If there is no ring cut into the ground that would have cut feeder roots recently then Integrity starts to look like he has it nailed.

Good luck

integrityman
09-15-2009, 10:24 PM
Again, take a few samples in for your extension agent to look at. Seek their recommendations for treatment.

dwc
09-15-2009, 10:47 PM
Nothing has disturbed the root zone. I will see if I can take some samples in and see what they think also but it looks like you have it narrowed down. Thanks for the help!

RigglePLC
09-15-2009, 11:14 PM
Is it a pin oak? They have a reputation for getting iron deficiency. Yellow leaves with green veins--brown spots. Common unless the soil is acid. An iron spray will help this situation a lot. Also if you acidify the soil or apply iron chelatee to the soil it will correct an iron deficiency. http://www.ipm.iastate.edu/ipm/hortnews/2006/8-23/deficiency.html
Actually leaves do not look like pin oak--try to identify the type of tree first. Red oak has a reputation for dying from oak wilt.
http://www.anr.msu.edu/robertsd/oakwilt/

Smallaxe
09-16-2009, 09:18 AM
Oak wilt has hit Wisco now and may very well do what it did 60 years ago. Does OK have that problem?

garydale
09-16-2009, 01:49 PM
Look into this one.

Bacterial Leaf Scorch

Bacterial leaf scorch is a relatively new disease of shade trees and affects a large number of plants including elm, oak (see above photo), sycamore, maple, mulberry and hickory in the landscape. Symptoms typically appear in mid to late summer on lower branches as irregular marginal browning on interior leaves. Symptoms progress along the branch towards the tip. Symptoms will occur every year and progress through the crown. Scorched areas may have a yellow halo around them depending on the tree species. Reduced growth and dieback are also common in severely infected plants. These symptoms are sometimes mistaken for drought, environmental stress, or other diseases.
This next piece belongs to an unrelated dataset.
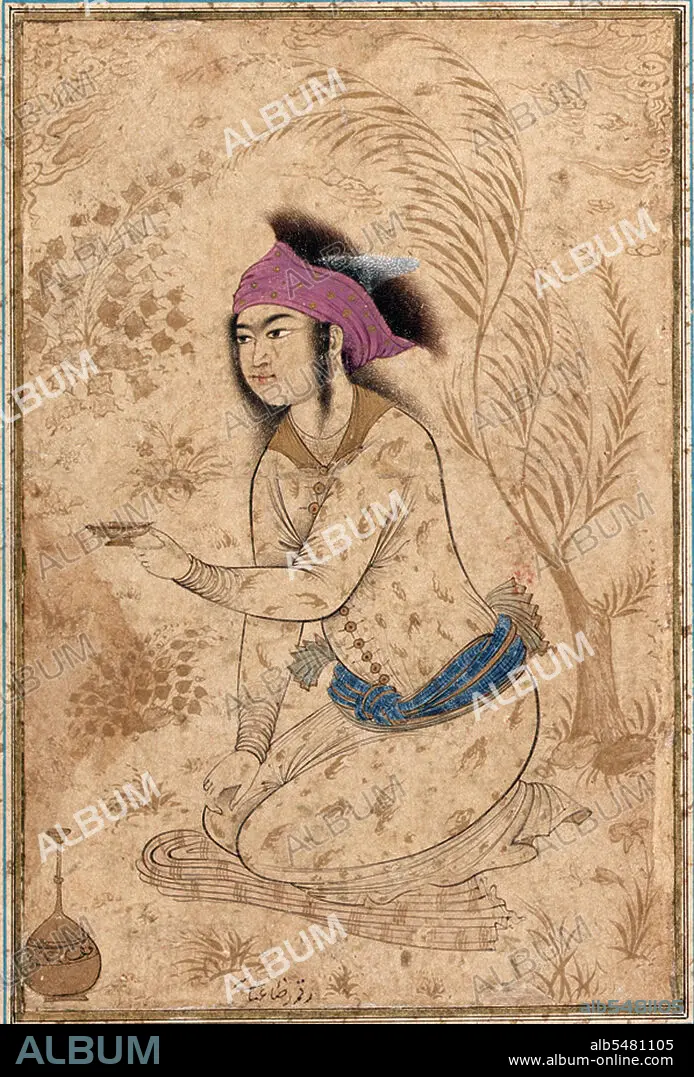 Caption: Riza Abbasi, Riza yi-Abbasi or Reza-e Abbasi, also Aqa Riza or Aqa Riza Kashani (c. 1565–1635) was the leading Persian miniaturist of the Isfahan School during the later Safavid period, spending most of his career working for Shah Abbas I (r.1587-1629). He is considered to be the last great master of the Persian miniature, best known for his single miniatures for muraqqa or albums, especially single figures of beautiful youths.

Bacterial scorch symptoms differ from drought scorch symptoms, in that they appear first on the lower branches and on the older interior leaves. Drought scorch symptoms will be more uniform and will first appear near the upper branches and on the younger leaves near the tips of the branches.

Management: There are not treatments for bacterial leaf scorch. However, infected trees may continue to persist in the landscape if symptomatic branches and dead wood is pruned out promptly. Antibiotic trunk injections have shown promise but they only relieve symptoms and donít provide a cure.

turfman07
09-16-2009, 09:30 PM
Looks like Tubakia Leaf Spot.

gunsnroses
09-17-2009, 12:20 AM
It could be a few different leaf fungus. It is normal. Have you had pretty good moisture in the past few weeks? or high humidity? It looks to me like the side of the tree we are looking at is the North side, and I bet you took the pic at about almost 6pm. If that is true and you recieved some good afternoon showers then that water sat on the leaf all night and a few hours into the morning until the sun came up over the other trees on the left to dry it out. Wet or dry weather patterns can make or break a region for fall leaf color due to fungus levels on leaves and leaf drop . It seems like it is kinda one sided...like you had a larger tree removed on the right that made it sort of grow wierd. If I was you I would not stress unless you have some large branch loss. Fert and prune it in early spring.